A joint cultural performance between North Korea and South Korea scheduled for Feb. 4 has been canceled. The performance was to be held in the North Korean territory of Mount Kumgang. The two Koreas had been in discussions regarding final details over the joint performance. The North said it had no choice but to call off the event.

South Korea will host the Winter Olympics next month. The Games are taking place between February 9 and 25. North and South Korea began to talk about bringing North Koreans to the Pyeongchang Winter Olympics early in January.

The reason for the program’s cancelation was cited as the activities of South Korean media in encouraging “insulting” public sentiment regarding the North, according to South Korea’s unification ministry. The ministry said the North was also angry over media reports about a possible military parade to be held February 8, a day before the opening of the Games. Seoul said the decision to cancel the joint performance was “very regrettable.”

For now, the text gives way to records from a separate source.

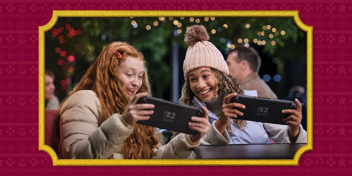 Away from friends during the holidays? You can meet up with your pals online in GameChat, even if everyone is far away. Up to four people can share the screen of whatever they’re playing. For example, you can catch Pokémon in the Pokémon Legends: Z-A – Nintendo Switch 2 Edition game while another friend plays the Mario Kart World game, another plays the Kirby Air Riders game, and another plays the Donkey Kong Bananza game.
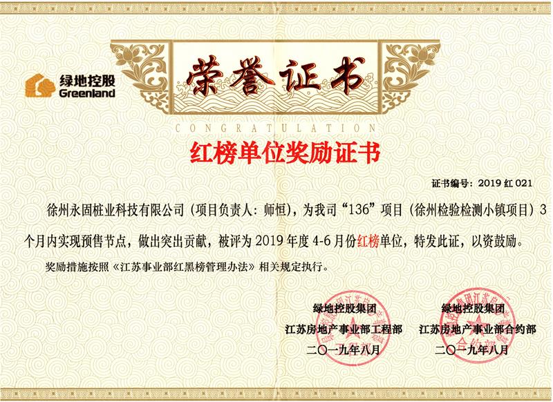綠地2019紅榜單位獎勵證...
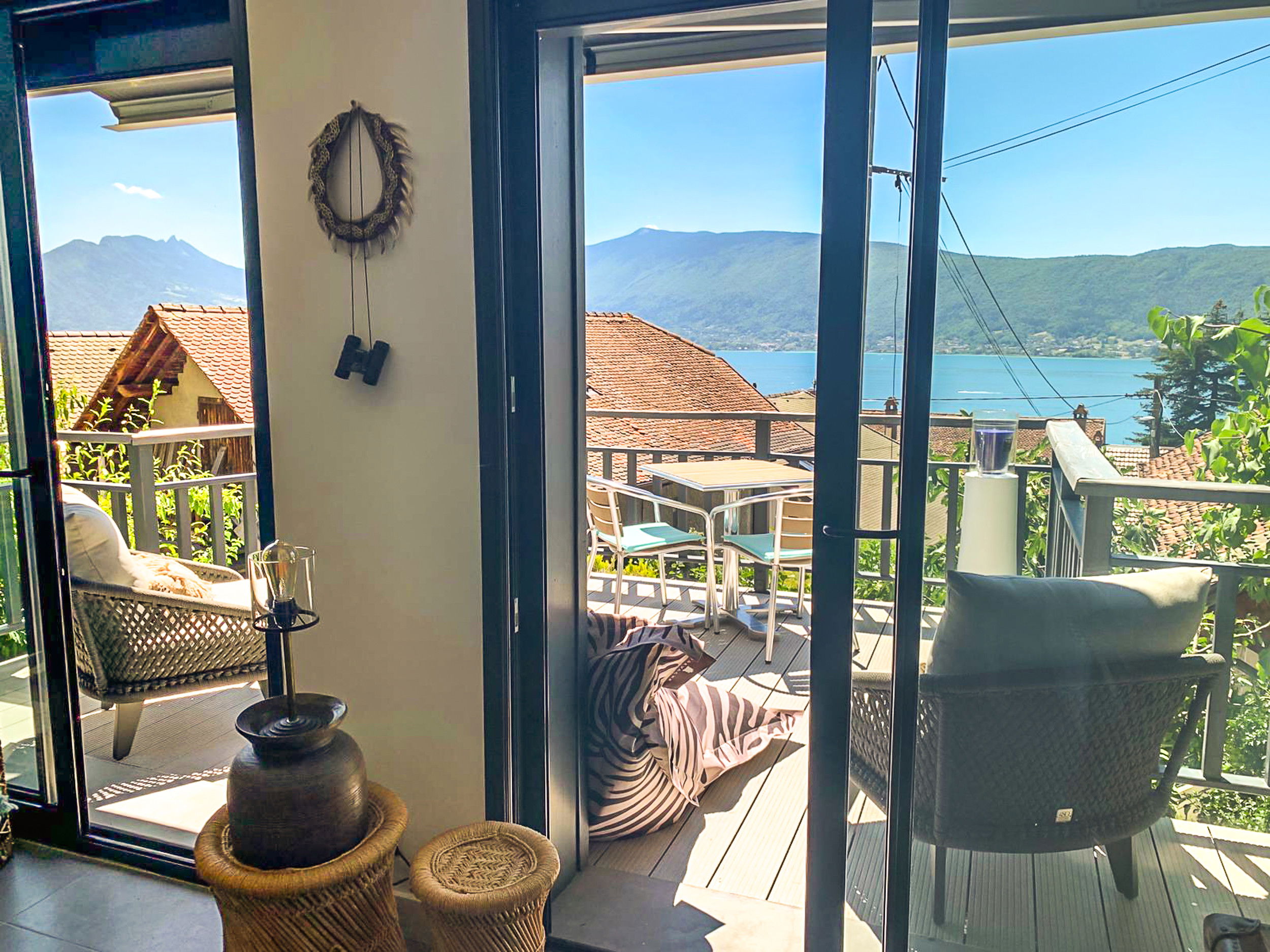 - Balcon / Terrasse de 18m2 avec vue sur le lac et les montagnes exposé Sud / Ouest
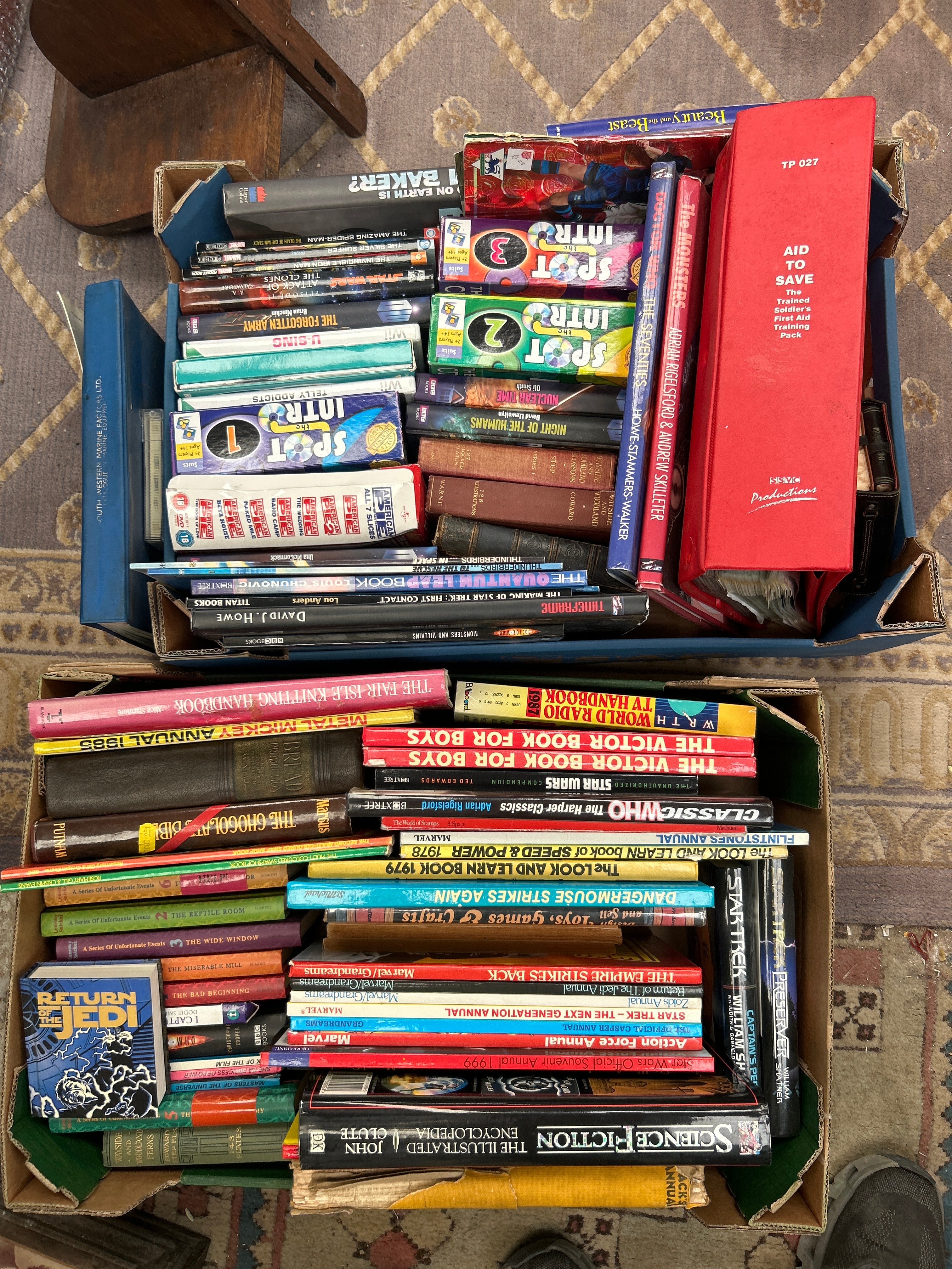 This lot comprises two cardboard boxes filled with a diverse collection of books, annuals, comics, graphic novels, and a few board game or media cases, primarily featuring popular culture, science fiction, and children’s literature from the late 20th and early 21st centuries. Notable titles include “Star Wars,” “Marvel” comics and annuals, “Doctor Who,” “A Series of Unfortunate Events,” “Thunderbirds,” and various annuals such as “Mickey Annual 1985” and “Flintstones Annual.” Also present are older reference works like “The World Radio Handbook 1987,” “The Illustrated John Clute Science Fiction Encyclopedia,” and several “Wayside and Woodland” natural history volumes. The collection also includes a red “AID TO SAVE The Trained Soldier’s First Aid Training Pack” case marked “TP 027” and “SSMC Productions.” Materials consist mainly of paper, cardboard, and various binding types (hardcover, softcover), with some plastic cases for games or media. All visible text is in English.

It was agreed that the nations would march under a unified flag. The two countries have also decided to form a combined women’s ice hockey team for the Winter Olympics. Twelve North Korean female ice hockey players crossed the border last week to join their counterparts in the South.

The two countries have also been discussing a different concert in South Korea by a North Korean orchestra and have been making plans to send South Korean athletes to train at a North Korean ski resort. Art performances and a taekwondo demonstration were among other events agreed with the North. The North is also sending hundreds of delegates, cheerleaders and performers.

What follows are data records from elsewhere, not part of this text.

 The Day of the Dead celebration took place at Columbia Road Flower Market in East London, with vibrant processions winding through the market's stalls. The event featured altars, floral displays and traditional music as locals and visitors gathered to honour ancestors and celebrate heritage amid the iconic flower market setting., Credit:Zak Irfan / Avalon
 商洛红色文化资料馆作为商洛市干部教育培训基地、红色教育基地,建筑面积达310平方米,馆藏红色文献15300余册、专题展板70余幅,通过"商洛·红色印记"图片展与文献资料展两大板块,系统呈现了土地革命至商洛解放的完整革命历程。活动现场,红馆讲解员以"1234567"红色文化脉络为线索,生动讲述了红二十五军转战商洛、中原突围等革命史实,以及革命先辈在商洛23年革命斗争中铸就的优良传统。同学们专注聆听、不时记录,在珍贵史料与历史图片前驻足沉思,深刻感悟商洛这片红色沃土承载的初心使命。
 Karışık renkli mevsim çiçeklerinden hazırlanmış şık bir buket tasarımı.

Some South Koreans believe that President Moon Jae-in gave up too much to the North to have them participate in the Games. South Koreans have complained the unified women’s hockey team was unfair to the South Korean players, who will lose playing time. Over a hundred petitions protesting against the unified team have been created on the presidential Blue House’s website.

Tensions on the Korean peninsula have reached their highest point in decades due to rapid advances in North Korea’s nuclear and conventional weapons programs. Its latest ballistic missile test sparked fresh sanctions from the UN. The two countries split in a 1950s civil war.